# Bargarth cory shipping 1966



## ramsay (Dec 16, 2007)

We are looking for info on the Bargarth and any qualified engineers with Lister Blackstone experience, believe it or not you are like hen's teeth!
We are working out of Orkney and any retired/freelance engineers looking for a summer contract let me know.
Thanks, Ramsay.


----------



## BillH (Oct 10, 2007)

BARGARTH
O.N. 309324. 161g. 95'0" x 24'11" x 10'9"oa.
8-cyl. 4 S.C.S.A. (8¾" x 11½") ETS-8MGR type oil engine manufactured by Lister, Blackstone & Company Ltd., Stamford, single reduction reverse geared to a single fixed pitch propeller operating within a Kort steerable nozzle. 850 bhp. 14 tons bollard pull. 10 kts.
1986: Additionally fitted with an "Aquamaster type 420" retractable bow propulsion unit, increasing bollard pull to 17 tons.

29.10.1965: First section of original design keel laid by Richards (Shipbuilders) Ltd., Lowestoft (Yard No. 486) for R. & J. H. Rea Ltd., London. 

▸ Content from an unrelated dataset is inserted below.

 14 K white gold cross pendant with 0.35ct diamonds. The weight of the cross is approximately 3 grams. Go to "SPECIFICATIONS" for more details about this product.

16.11.1965: Remaining section of a modified design keel laid. 

5.4.1966: Launched. 

1.7.1966: Completed. Registered at Cardiff. 

1970: Owner restyled as Cory Ship Towage Ltd. 

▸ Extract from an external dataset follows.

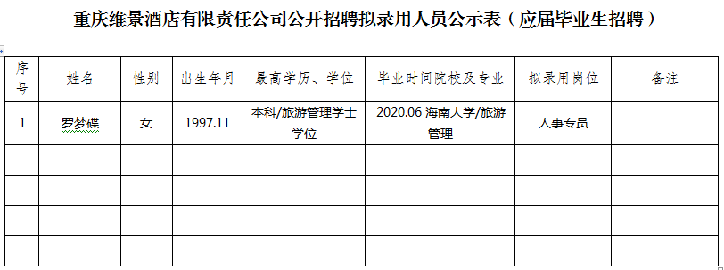 附件:重庆维景酒店公司2020年公开招聘拟聘人员公示表

1985: Owner restyled as Cory Towage Ltd. 

1986: Transferred to Irish Tugs Ltd., (retaining British registry) (Cory Towage Ltd., managers). 

20.3.1991: Transferred to Westport, Republic of Ireland registry, (O.N. 402783). 

1998: Transferred to Cory Towage Ltd. Still in service January 2000.


----------



## ramsay (Dec 16, 2007)

Thanks Bill, any info on the accommodation heating boiler, its an original to say the least!! made by Clark, thats all I have.
Cheers.


----------